Bajo el sol. Las cartas de Bruce Chatwin

Bruce Chatwin

Sexto Piso, 2012

ISBN: 978-84-15601-16-6

556 páginas

28 €

Selección y edición de Elizabeth Chatwin y Nicholas Shakespeare

Traducción de Ismael Attrache y Carlos Mayor


Coradino Vega

En las anotaciones del que fuera director de la escuela en la que cursó su enseñanza primaria, aparece un rasgo definitorio del carácter de Bruce Chatwin que cualquier psicopedagogo actual diagnosticaría como trastorno por déficit de atención hiperactivo. Y es que la idea de su viuda y su biógrafo, al agrupar y comentar estas cartas que abarcan desde que el autor de En la Patagonia tenía ocho años hasta un mes antes de morir sin cumplir los cuarenta y nueve, parece pasar por que nos fijemos en la cartografía interior de quien fue uno de los escritores más itinerantes que se hayan conocido.
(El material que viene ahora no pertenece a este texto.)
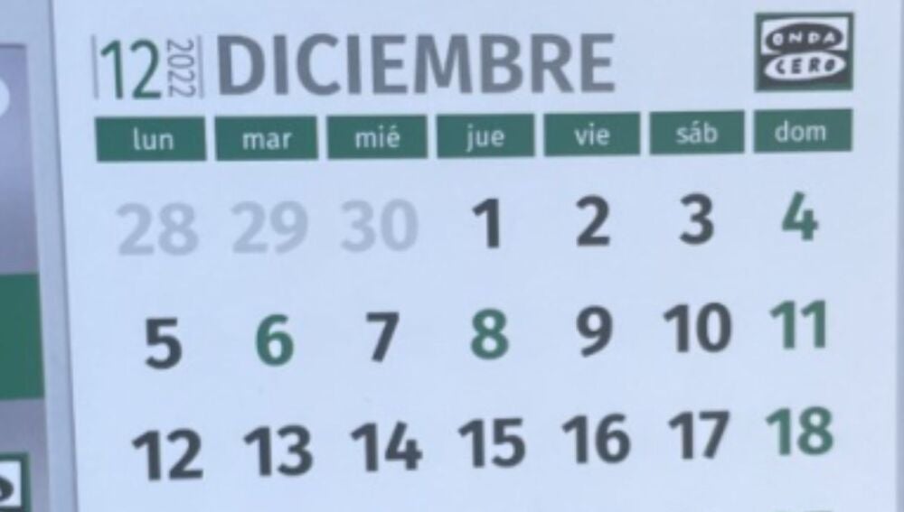 Antes de las navidades quedan dos festivos nacionales pendientes correspondientes al puente de diciembre.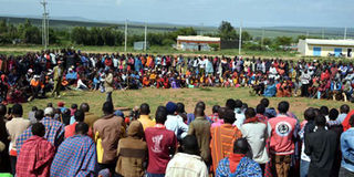 Naroosura Group Ranch members hold a meeting at Naroosura trading centre, Narok County, on April 2, 2018. They were discussing sub-division of the ranch. PHOTO | GEORGE SAYAGIE | NATION MEDIA GROUP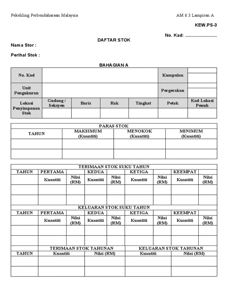 Kew.ps-3 Daftar Stok Bahagian A : Lampiran 10 Kad Kawalan Stok Kew Ps 3 Pdf. Nama stok berdasarkan pusat rujukan maklumat sppa. Borang bahagian amanah, penyelidikan, penjanaan & program kerjasama borang bahagian gaji, pinjaman staf & cuti belajar borang bahagian akaun, pelaburan, penerimaan & sistem Nama stor yang telah ditetapkan oleh ketua jabatan. Penjelasan terperinci maklumat daftar stok no. Bilangan kad bermula dengan 1 nama stor :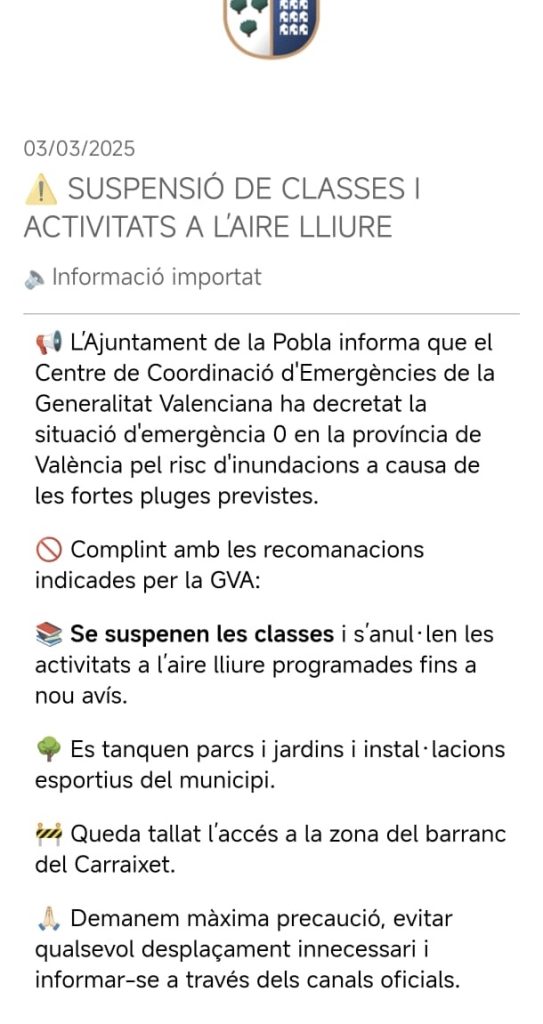 SUSPENSIÓ DE CLASSES FINS A NOU AVÍS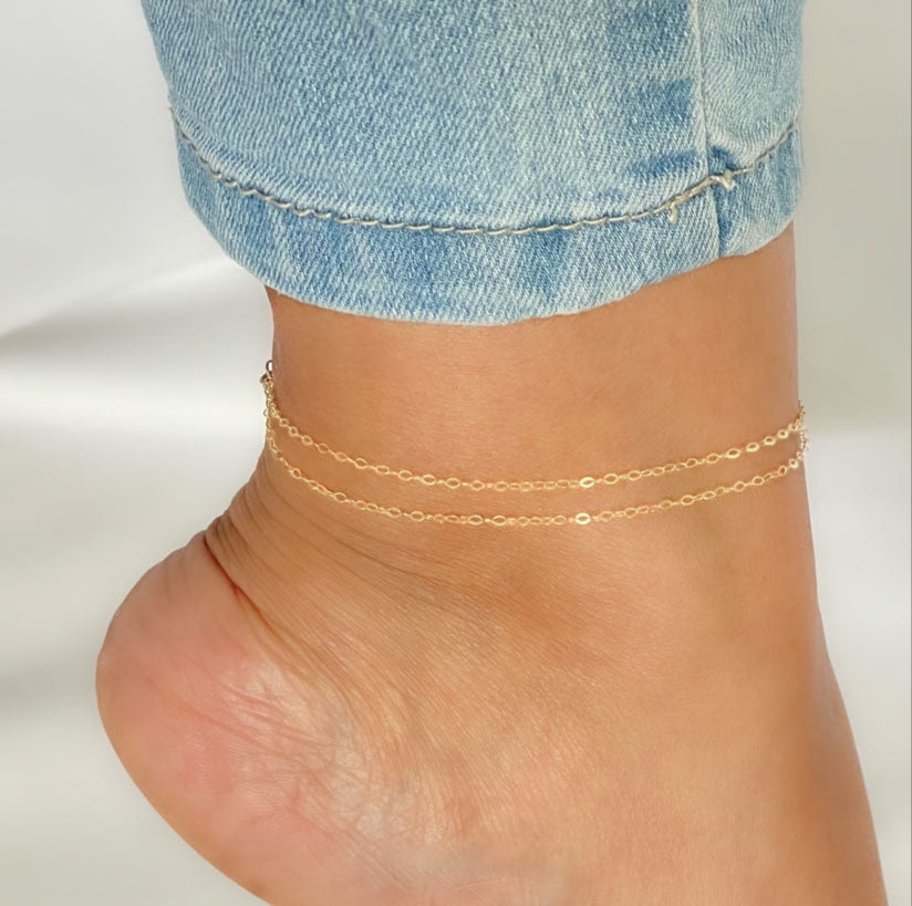 Each anklet is handcrafted with precision in 14k gold fill, sterling silver or 14k rose gold fill, offering a radiant finish that complements every step.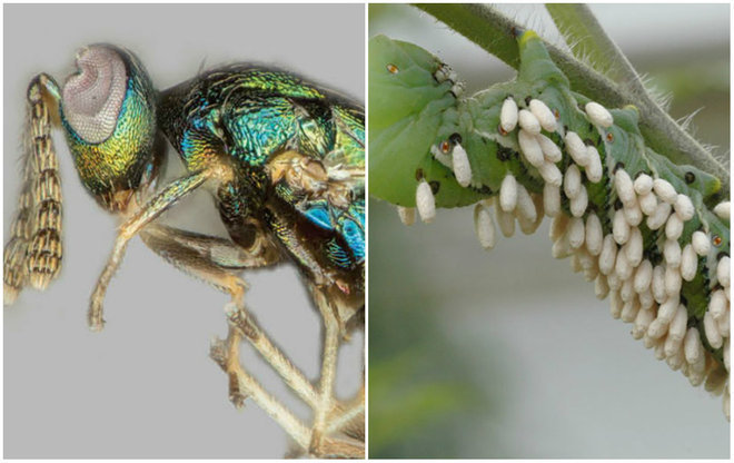 Mas lembre-se: quando não estão sendo parasitadas, as vespas fazem isso aí na imagem, parasitando outra espécie, como lagartas de borboleta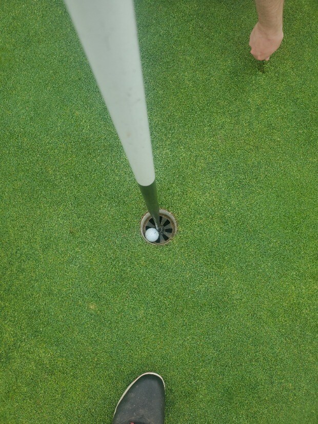 With three good.friends along side I used a 7 iron to hit a high fade to 13th Green. We all saw a nice bounce and ball track to the hole! Very exciting. Used my standard Pro V1x ball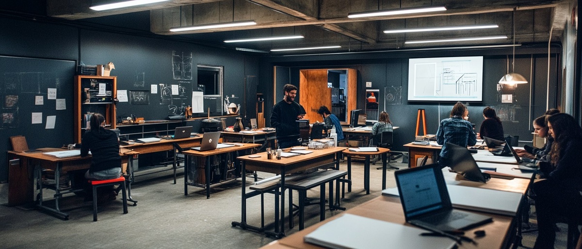 Создано на основе запроса: A realistic photograph with dark colors and cold tones of a dynamic classroom where laptops coexist with drawing tables, physical models, and raw materials. A passionate teacher is speaking about empathy and the meaning of space. Students learn by exploring with their hands and minds, blending technology with human sensitivity. The atmosphere feels experimental, creative, imperfect and deeply human. --- Автоперевод: Реалистичная фотография с темными цветами и холодными тонами динамичного класса, где ноутбуки сосуществуют с рисованием, физическими моделями и сырью. Как тебе такое изображение? 🤔 https://dzen.ru/id/65c0c65c86e4f837c27b24d7 #ИИ #AI #нейросеть #midjourney #art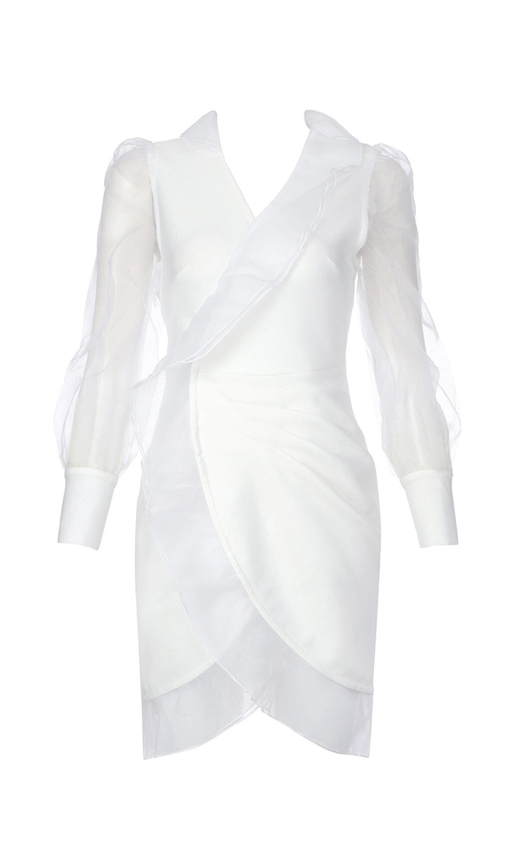 SOLID MESH LONG SLEEVE RUFFLE MINI DRESS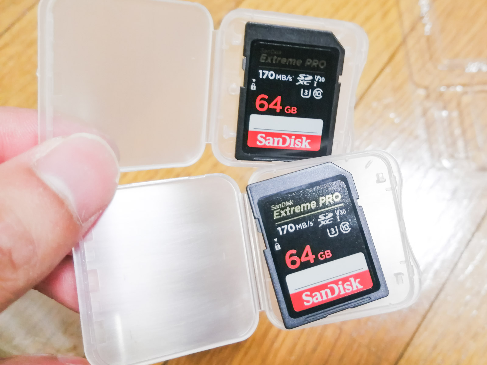 撮影データ保存用にSanDisk Extreme PRO 64GBのSDカードを使用しています。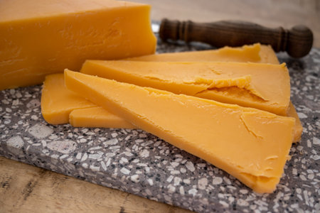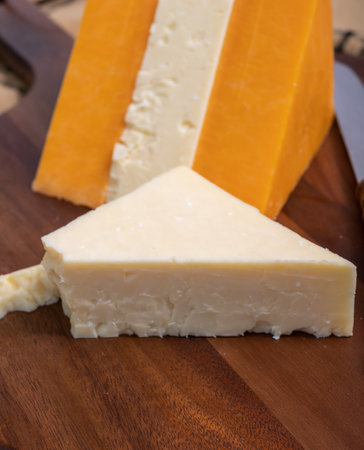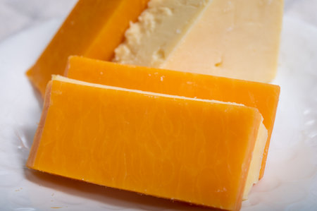 British cheeses collection, Scottish colored and English matured cheddar cheeses close up.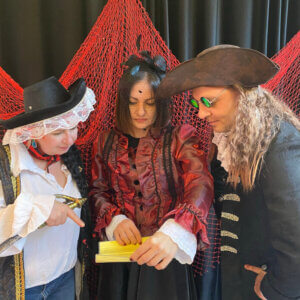 Para empezar nuestros game masters os introducirán en la historia explicándoos que os encontráis en una isla maldita que oculta un legendario tesoro. Cada uno de vosotros estáis ahí por diferentes motivos: algunos sois conquistadores en busca de nuevas tierras, otros seréis de la tribu local y otros unos piratas dispuestos a todo por encontrar el oro. ¡Entre vosotros estará el asesino del Capitán Flint!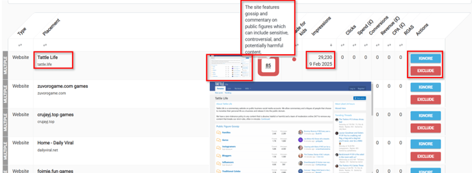 Each placement is assigned a risk score - calculated using ChatGPT - to review placement content to help you to quickly identify low-quality or potentially harmful placements.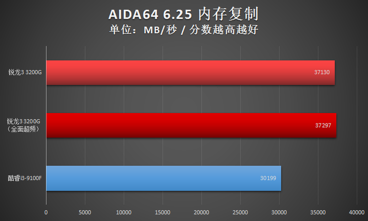 此項(xiàng)目,全面超頻之后的AMD銳龍3 3200G處理器整體占優(yōu)。畢竟AMD平臺(tái)支持的內(nèi)存類(lèi)型更高。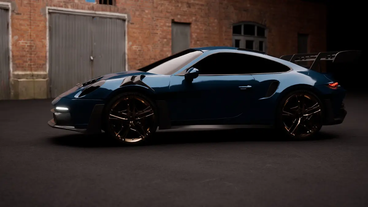 Low-poly 3D model of the Porsche 911 ( 992 )GT3 RS 2022 without logo.There are 2 separate models in the file .The first model is an exterior with a low-detailed interior , 47000 polygonsThree UV setsBodyWheelInteriorMetallic-Roughness textures - 4096/4096The second model is the interior of the front of the car , 24000 polygons.Three UV setsBasePanelGuagesMetallic Roughness textures - 4096/4096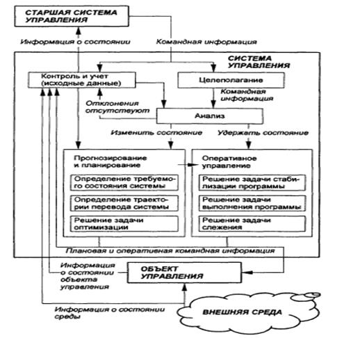 Совокупность функций управления, выполняемых в системе при изменении среды, принято называть циклом управления. Выполняя цикл за циклом, система приближается к сформулированной цели. Одно из представлений цикла управления показано на рис. 3.2. При этом от объектов управления в СУ поступает информация о текущем состоянии дел. ЛПР контролируют ее истинность, учитывают и анализируют в целях выявления отклонений от требуемого состояния и определения необходимости изменения текущего состояния.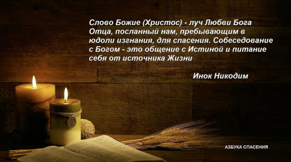 Слово Божие (Христос) – луч Любви Бога Отца, посланный нам, пребывающим в юдоли изгнания для спасения. Собеседование с Богом – это общение с Истиной и питание себя от источника Жизни. Словом Божиим очищается ум от страстей и мрака заблуждений. Им обновляется и приуготовляется душа к новой нетленной жизни в Царствии Небесном. Кто нерадит об очищении себя Словом Божиим, омертвелого от рабства греху, тот не имеет жизни здесь и не будет иметь ее там. хлебом живым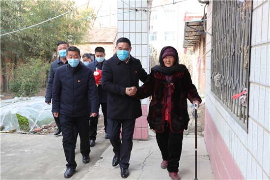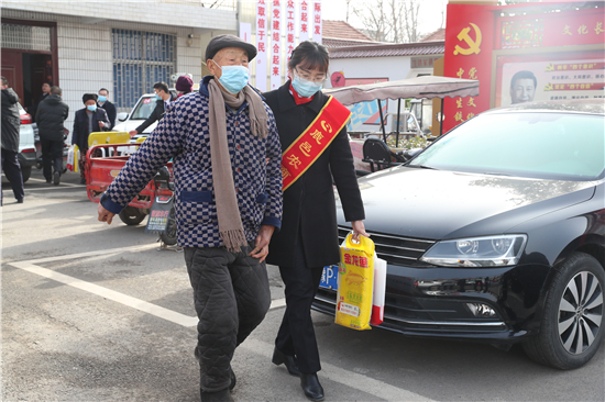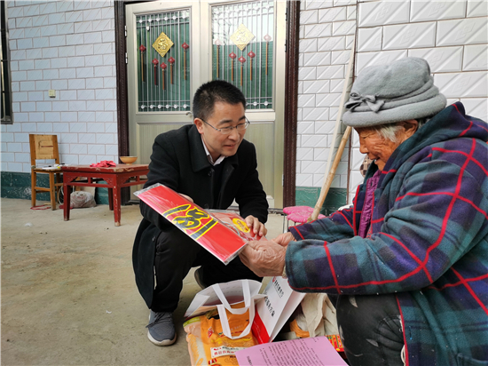 在鄭家集鄉(xiāng)韓樓村,縣農(nóng)商銀行鄭家集支行行長武繼龍帶領(lǐng)員工來到92歲韓老漢的家中,看到韓老漢由于身體原因只能靠拐棍佝僂著背站著,武繼龍緊忙彎腰俯下身說:“大爺,快過年了,我們來看看您,提前給您拜個早年!”“真的是太感謝恁了,這么冷的天,還讓你們來送到家里面?!表n老漢激動地說。

Irresistible y seductor, tan consciente de su ingenio como de su atractivo, de una temprana cultura exuberante, fetichista, esnob, cariñoso, egoísta hasta la irritación, reservado, mordaz con tendencia a una agudeza ácida cuando no directamente cínica, de brillante sentido del humor y una locuacidad ciclotímica tan estimulante como exagerada, Chatwin despliega en su correspondencia un grado más del álter ego que aparece en sus principales libros sin entrar en los chismes íntimos que sí revelaron su biografía: “Yo no creo en eso de confesarlo todo”, le dijo a su amigo Paul Theroux. Pero si hay un cariz que presida en todo momento su temperamento, ése es el mismo que dirige sus pasos en zigzag por el mundo y que se torna en la propulsión de la mayor parte de su obra: la curiosidad por lo desconocido, por ir más allá, por penetrar en el misterio para extraer su belleza; la incapacidad de estarse quieto mucho tiempo en un mismo sitio; el ansia de busca, de huida y de intensidad, bajo la que subyace, según Enzensberger, “una presencia turbadora”, algo sobrio, solitario y conmovedor que hace que cada vez que releamos sus libros encontremos siempre una prueba de innovación, otro detalle de su genialidad, una veta que nos pone en la pista del poderoso legado de lo que dejó escrito.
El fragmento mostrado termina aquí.